Several years ago, I remember hearing a lot of discussion about school principals in the role of “instructional leaders.” The discussion centered around the fact that the role had shifted from simply a managerial role to more of a position focused on curriculum knowledge and instructional pedagogy.
When I became a principal, I had a background in curriculum & instruction, so I’ve always felt well-versed, and considered myself an instructional leader. In my first several years as a principal, I prided myself on providing feedback to help teachers grow and to improve instruction for teachers and students. My favorite place to be was classrooms, watching great instruction lead to learning breakthroughs for students.
Then March 2020 hit like a ton of bricks.
Suddenly, my role shifted. I sat at home, responding to more emails than I’d ever care to answer again. In the year and a half since, my role has again continuously shifted, and I feel like it has become more managerial in nature, only dealing with logistical issues on a regular basis.
There’s a famous scene in the 1999 movie Office Space, in which a pair of cost-saving consultants known as the Bobs, are interviewing an employee to find out what role he plays in the organization. After getting a response from the employee that is less than clear, they reply with a simple but telling question, “what would you say it is you do here?”

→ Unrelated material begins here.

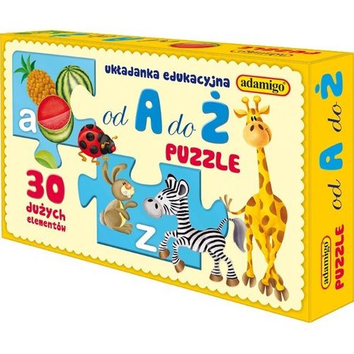PUZZLE OD A DO Ż układanka edukacyjna. W skład zestawu wchodzi 30 puzzli tworzących obrazek o wymiarach 50 x 34 cm.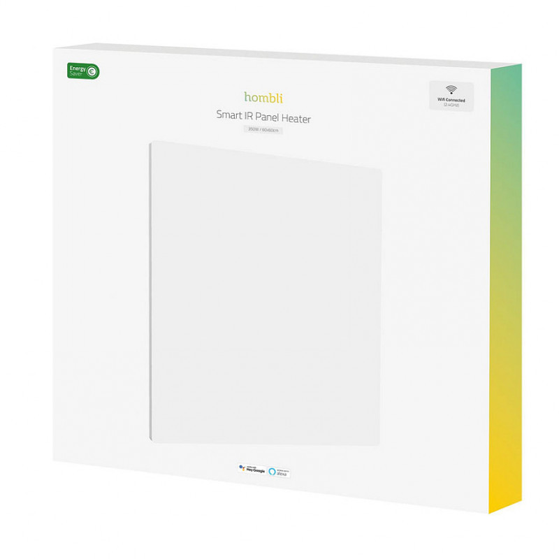 "Hombli Smart Infrared Panel Heater. Type: Infrared electric space heater, International Protection (IP) code: IP24. Suitable for: Indoor, Placement options: Floor, Wall, Product colour: White. Heating power: 350 W. Width: 600 mm, Depth: 50 mm, Height: 600 mm. Quantity per pack: 1 pc(s)"\n"Easily reduce your energy consumption by heating only the necessary rooms in your home with the stylish Hombli Smart IR Panel Heater. Through the Hombli app, you can easily set schedules and control the temperature of different rooms in your house from any location. The timeless design of the Smart IR Panel Heater effortlessly matches any interior.

If I think about this question as it relates to my current role, I realize that most of my time is spent dealing with issues related to staffing or student attendance. Each morning, I come in to find out how many teachers are absent, and how many subs backed out at the last minute. I then spend about twenty minutes trying to match our remaining staff with the schedule, like a game of tetris on level 10! It is simply to ensure that all students are supervised for the day. Let’s not even talk about instruction or pedagogy. On most days, I’m just looking for a warm body with enough credits to watch students.
What would you say it is you do here?
I spend a lot of my time dealing with COVID protocols, and figuring out how many days a child needs to quarantine from school based on contact with another student or a family member. Then there are the hours spent on the phone addressing parent concerns surrounding protocols. The phone calls are always dreadful, and it seems as if the guidelines change from one day to the next. In the most extreme version of “don’t kill the messenger,” I often end up delivering terrible news that no one wants to hear. Quarantined students return to school after a number of days and a negative test only to be quarantined again. And, if only I had a dime for every student that I had to ask to “please pull up your mask.” My role has been reduced to correcting kids about wearing masks instead of spending time to help them learn.
What would you say it is you do here?
Sometimes, it’s helping to hand out lunches and open juice boxes in the short-staffed lunchroom. Sometimes, it’s managing traffic jams during arrival. It’s definitely waiting for late buses every afternoon. It’s managing the dozens of local and state mandates that somehow seem less relevant right now, but still remain due all the same. It’s more work about work. It’s a million things that really have nothing to do with instruction and learning, but have everything to do with just keeping the school building open every day.
What would you say it is you do here?
I show up every day to keep us afloat.
I wear my life jacket but somehow keep drowning.
I wish I were an instructional leader, but somehow I’m not.